Tell us what data sources should be in Data Finder. Or tell us what the kinds of information you need to find. We will review your suggestions and revise Data Finder accordingly.

Editor's Note: The opinions expressed in Greenversations are those of the author. They do not reflect EPA policy, endorsement, or action, and EPA does not verify the accuracy or science of the contents of the blog.

31 Responses leave one →
  1. Mark Corrales permalink
    July 6, 2009

    For numerous suggested data sources,
    take a look at the extensive appendix, table 2, in this document:

    Georgopoulos P. (2008). A multiscale approach for assessing the interactions of environmental and biological systems in a holistic health risk assessment framework. Water, Air, and Soil Pollution: Focus 8(1): 3-21. DOI:10.1007/s11267-007-9137-7 [DOI link]
    http://dx.doi.org/10.1007/s11267-007-9137-7
    http://www.springerlink.com/content/5r8100723p704h16/fulltext.pdf

  2. EPA staff permalink
    June 22, 2009

    Additional suggestions for links in the data finder…..
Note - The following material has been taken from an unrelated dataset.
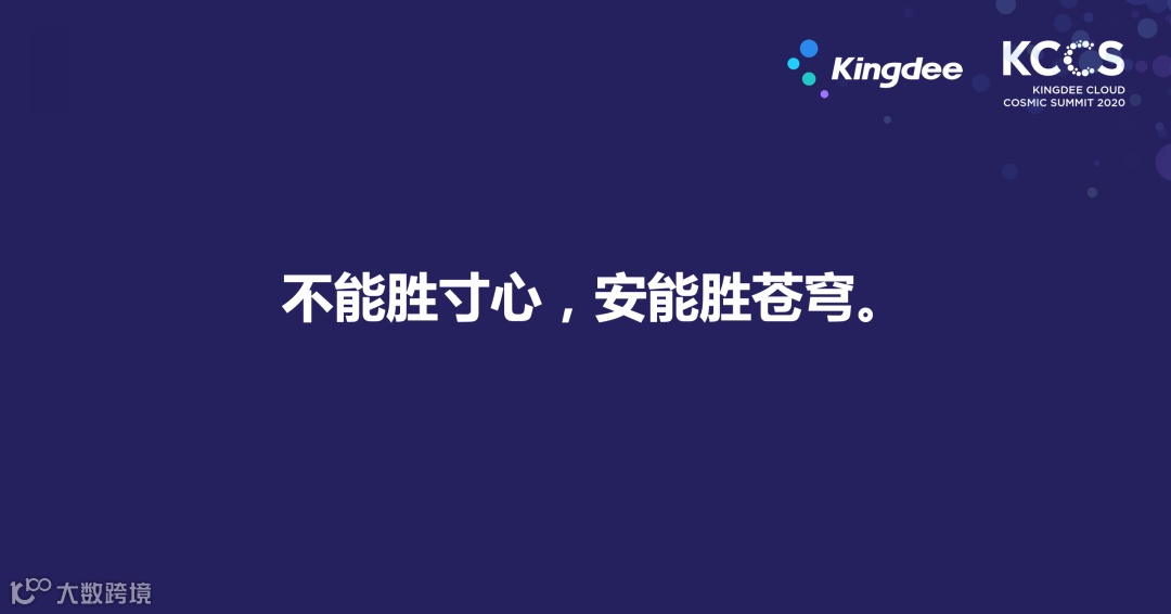 总书记曾说过,“不能胜寸心,安能胜苍穹”。寸心,尺寸之间可以影响天地,这个寸心就是如果你不能主宰自己,怎么能影响他人?“生之主宰便是心”,影响我们的语言意识行为的就是心。什么叫“胜寸心”?我认为是两个层面的含义,第一就是要净化自己的心灵,净心,要不断地反省,不断地挑战自己,不断地去打破或者去消除自己的不宁和贪欲,这就是净化心灵,就是要不断地关照、反省、引导自己这颗心;另外一个层面的含义是明心,就是要相信心中有无尽的宝藏,当困难在面前的时候,要想到我们的内心有比这个困难大得多的一种潜能,相信心中有无尽的宝藏,相信行为作用和反作用,所以明心、净心就能使得我们“胜寸心”。金蝶云·苍穹平台,我们取了苍穹两字,很大程度上是考验我们每个研发人的这颗心,不能胜寸心,你怎能做好苍穹。

    here’s some things that NEIC uses that might be of interest:

    Pacific Northwest National Laboratory Infrared Spectral Library
    IRIS database (toxicological information)
    NIST CHEMBOOK
    Envirofacts (TRI)
    RCRA Online (policy letters)
    SW846 online (hazardous waste methods)
    OW methods databases
    Henrys Law constant database

    They also use EPA Models such as Minteqa2, Screen3, ISC, Water9, IWAIR, and AERMOD, but these may not fit within the database framework of the Data Finder site.

  3. Craig Alvord permalink*
    June 5, 2009

    There are some good data available through the site. Access to data might be made easier for the public if terms such as marine, ocean, and vessel discharges provide results via searching.

  4. Steve W permalink
    June 4, 2009

    Have you tapped the information obtained during the National Dialog? Much of our input was internal EPA, especially during the Jam sessions. I believe I recall specific data systems being mentioned.

  5. EPA Staff permalink
    June 4, 2009

    I think the Nutrients Database would be a useful addition to this meta-database.
    As a future addition, at least for nutrients, the ability to coordinate with universities and other research facilities would be of immense value.

  6. Steve W permalink
    June 4, 2009

    Add and report out metrics –
    We are collecting data in real time. We should also be capable of analyzing the data in real or near real time?

    Examples – Daily frequency of comments, where are comments comming from, how many new datasets suggested, how many suggestions incorporated / pending / turned down, how many bugs identified. Later we will also want to know, how many datasets downloaded? How many datasets accessed? By whom (generally) ? We have the technology. How will measure sucess or failure?

  7. Lucy Stanfield permalink
    June 2, 2009

    Surface Water – link to GLENDA (I see it’s under Monitoring as well)

    Hazardous Waste – link to RCRAInfo rather than (or in addition to) the RCRAOnline document database. Your definition of data stresses websites where numerical data can be downloaded. I would think RCRAInfo would be the better link for DataFinder to highlight.
    http://www.epa.gov/enviro/html/rcris/rcris_query_java.html

    I searched for PCBs and no results were found. What about linking to http://www.epa.gov/epawaste/hazard/tsd/pcbs/pubs/data.htm?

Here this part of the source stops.